PROMPT
Your output must be the lines below from the line containing "145×220 см, 100% п/э" to the line containing "Представляем Вашему вниманию", both lines included, reproduced exactly and without pictures.

PROVIDED MATERIAL
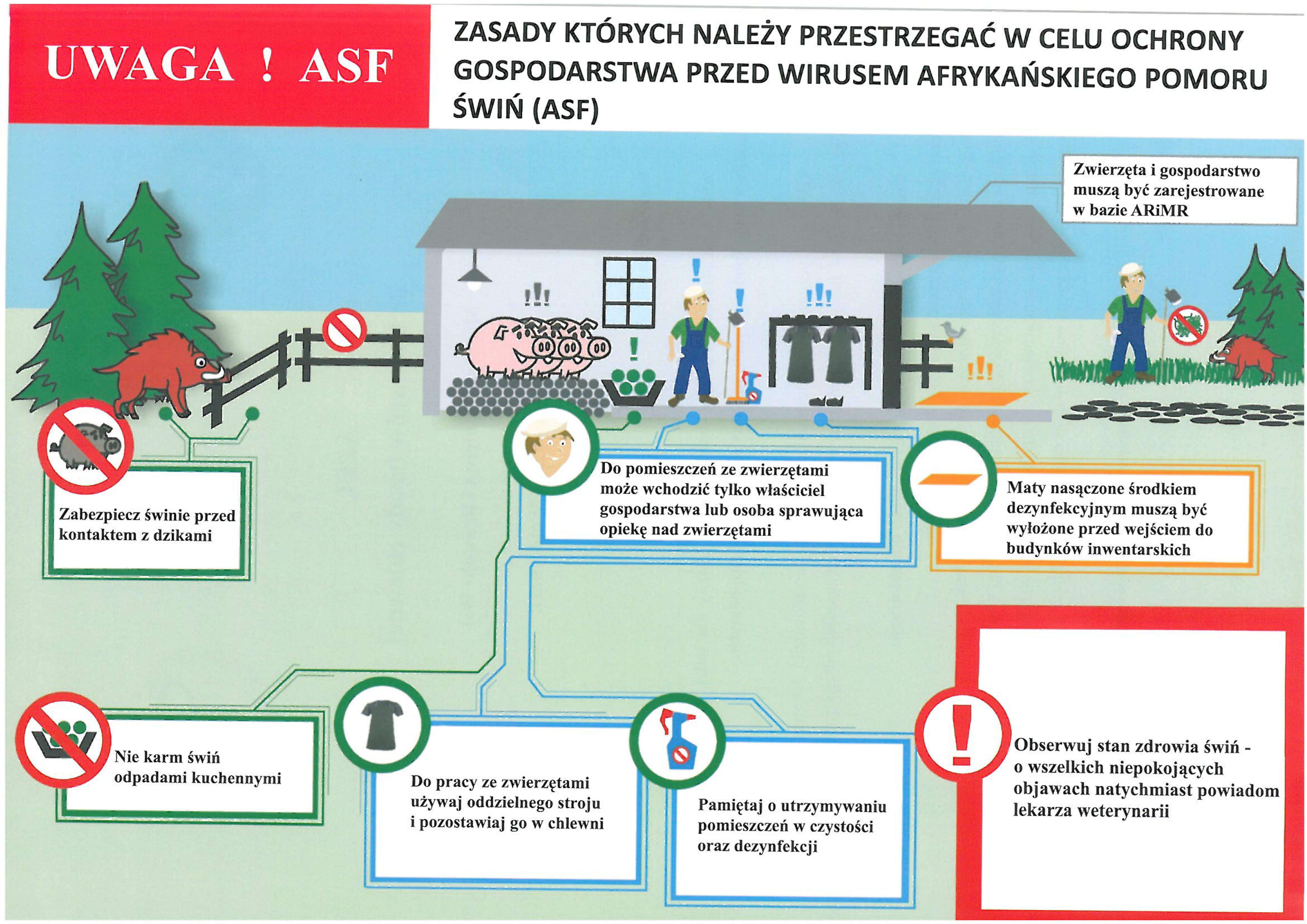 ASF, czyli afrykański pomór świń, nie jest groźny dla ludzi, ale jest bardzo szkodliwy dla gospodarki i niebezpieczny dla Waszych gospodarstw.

==

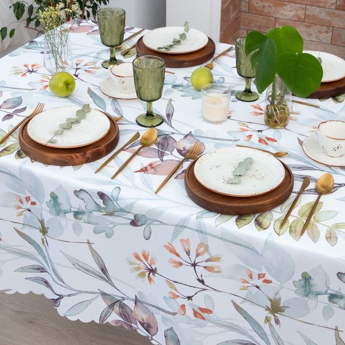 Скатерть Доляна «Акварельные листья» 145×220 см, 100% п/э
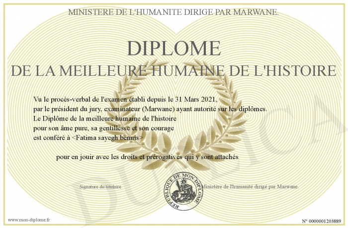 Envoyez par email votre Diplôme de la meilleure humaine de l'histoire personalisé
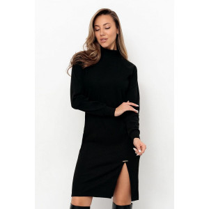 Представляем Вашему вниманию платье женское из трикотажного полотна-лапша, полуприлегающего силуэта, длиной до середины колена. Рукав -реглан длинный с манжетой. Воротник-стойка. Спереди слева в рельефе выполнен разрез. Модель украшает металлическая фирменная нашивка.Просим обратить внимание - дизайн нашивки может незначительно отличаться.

...

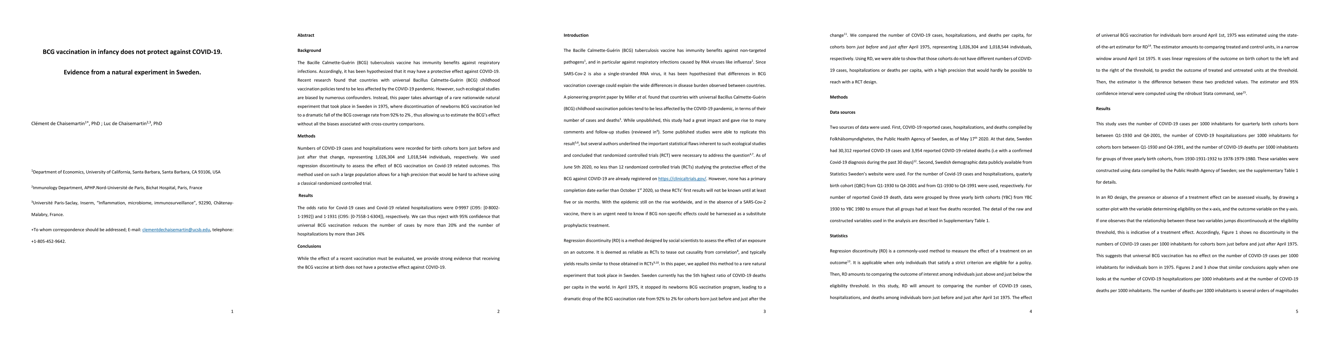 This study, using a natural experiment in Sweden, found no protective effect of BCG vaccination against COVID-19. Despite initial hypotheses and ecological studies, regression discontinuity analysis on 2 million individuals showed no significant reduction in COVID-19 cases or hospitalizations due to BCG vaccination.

YOUR SOLUTION
 Скатерть Доляна «Акварельные листья» 145×220 см, 100% п/э
 Envoyez par email votre Diplôme de la meilleure humaine de l'histoire personalisé
 Представляем Вашему вниманию платье женское из трикотажного полотна-лапша, полуприлегающего силуэта, длиной до середины колена. Рукав -реглан длинный с манжетой. Воротник-стойка. Спереди слева в рельефе выполнен разрез. Модель украшает металлическая фирменная нашивка.Просим обратить внимание - дизайн нашивки может незначительно отличаться.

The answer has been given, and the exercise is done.